Carol Peyton Bryant, DNP, RN, ACNP-BC, CCRN-K, and Sharene Best, MSN, APRN, AGNP-C, OCN, ACHPN
Setting the stage for a meaningful conversation about a patient’s and their family’s wishes and/or treatment options is an important link in quality cancer care. At some point in the care of every patient, a crucial conversation must be held with the patient and their family regarding goals of care. Goals of care may simply be desired outcomes spoken in agreement but oftentimes are assumed or partially discussed and thereby misunderstood by those caring for a cancer patient.
Many times, this crucial conversation is had later in the patient’s disease process than optimal. While timing is important, the conversation can be shared at any point in a patient’s care. Ideally, introducing the palliative care team from the very start as experts in symptom management begins the conversation. As the patient’s journey continues, hospice can be introduced when treatment modalities and clinical trials no longer hold promise. Thankfully, many patients do not get to this point in the cancer journey, but it is always important to share the definition and conditions of hospice.
Palliative care and hospice care have similarities and differences that the patient and family will need to be made aware of to make the decisions that best fit their needs, values, and the timing of the disease progression.
For providers, it is vital to have a script for holding this particularly important conversation so that they can focus all their attention on patient/family questions and assist them to make the most meaningful decisions.
Palliative care as defined by the National Consensus Project for Quality Palliative Care is “expert assessment and management of pain and other symptoms, assessment and support of caregiver needs, and coordination of care.
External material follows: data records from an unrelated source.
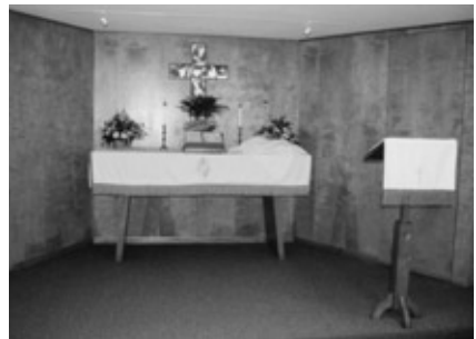
May '04, Resurrection Lutheran, Corpus Christi, completes some remodeling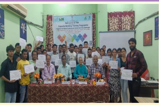
Fragrance & Flavour Development Centre (FFDC), Kannauj commenced training program under NSSH on Essential/Aromatic Oils (29th Sept - 13th Oct'2023)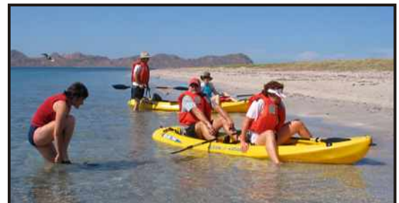
Late afternoon snorkel and kayak.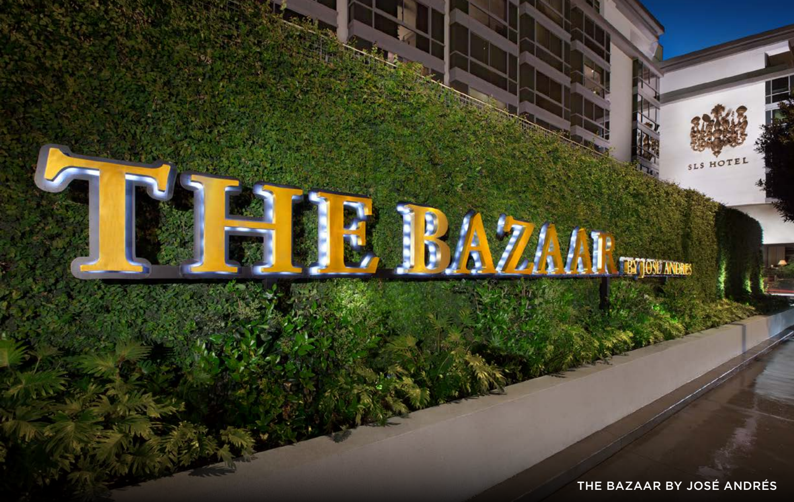
THE BAZAAR BY JOSÉ ANDRÉS

Palliative care attends to the physical, functional, psychological, practical, and spiritual consequences of a serious illness.”1 Palliative care can be introduced at any time during a serious illness and intersects between the patient/family’s values and goals and current treatment plans.
Hospice is “a philosophy of care and a regulated insurance benefit.”2 As a philosophy of care, it mirrors palliative care’s compassionate and high-quality end-of-life excellent care with the exception that care now will not focus on disease-directed treatment with cure as the intention. Hospice requires a prognosis of six months or less and may begin in the terminal phase of illness when cure is no longer possible, or the patient chooses not to undergo certain treatments focusing instead on comfort-oriented goals. As a regulated insurance benefit, patients qualify for hospice care by meeting certain eligibility requirements. “There are four levels of care per Centers for Medicare and Medicaid (CMS) regulations—routine, inpatient, continuous, and respite care.”3.
Starting hospice earlier than later can provide months of meaningful care and quality time with the patient’s loved ones. Hospice is usually provided at home but can be offered in a facility such as a nursing home, hospital, or short-term hospice unit near the patient’s home. A common misconception is that palliative care and hospice are synonymous. Although there are many similarities, such as symptom-focused whole person care and focus on the patient as well as their family provided by an interdisciplinary team, there are specific differences between these types of care.
Similarities and differences are key in understanding what each care delivery model offers the patient/family. Having a simple chart with similarities and differences is important to review and leave with the patient/family. One educational resource that anyone can access online is “Palliative Care or Hospice? The right service at the right time for seriously ill individuals,” provided by the National Hospice and Palliative Care Organization.4 This document compares the two services and helps to set the stage for further conversations.
Relationships are important throughout the continuum of care and taking the time to develop descriptions and focus ideas related to palliative and hospice care can assist a novice or a seasoned provider in a more meaningful conversation about their patient’s serious illness and what care delivery can be provided.
Carol Peyton Bryant, DNP, RN, ACNP-BC, CCRN-K, is the NP/PA supervisor and lead of an immediate care clinic at Mayo Clinic in Phoenix, Ariz.
Sharene Best, MSN, APRN, AGNP-C, OCN, ACHPN, is an NP at Mayo Clinic in Phoenix, Ariz. specializing in multiple myeloma.
References:
- National Consensus Project for Quality Palliative Care. Clinical Practice Guidelines for Quality Palliative Care, 4th edition. Richmond, Va: National Coalition for Hospice and Palliative Care; 2018. https://www.nationalcoalitionhpc.org/wp-content/uploads/2024/03/NCHPC67840.html
- Heidrich, D. E. (2016). Palliative and End-of-Life Care. In Advanced Oncology Nursing Certification-Review and Resource Manual, 2nd edition. Pittsburgh, Pa.: Oncology Nursing Society.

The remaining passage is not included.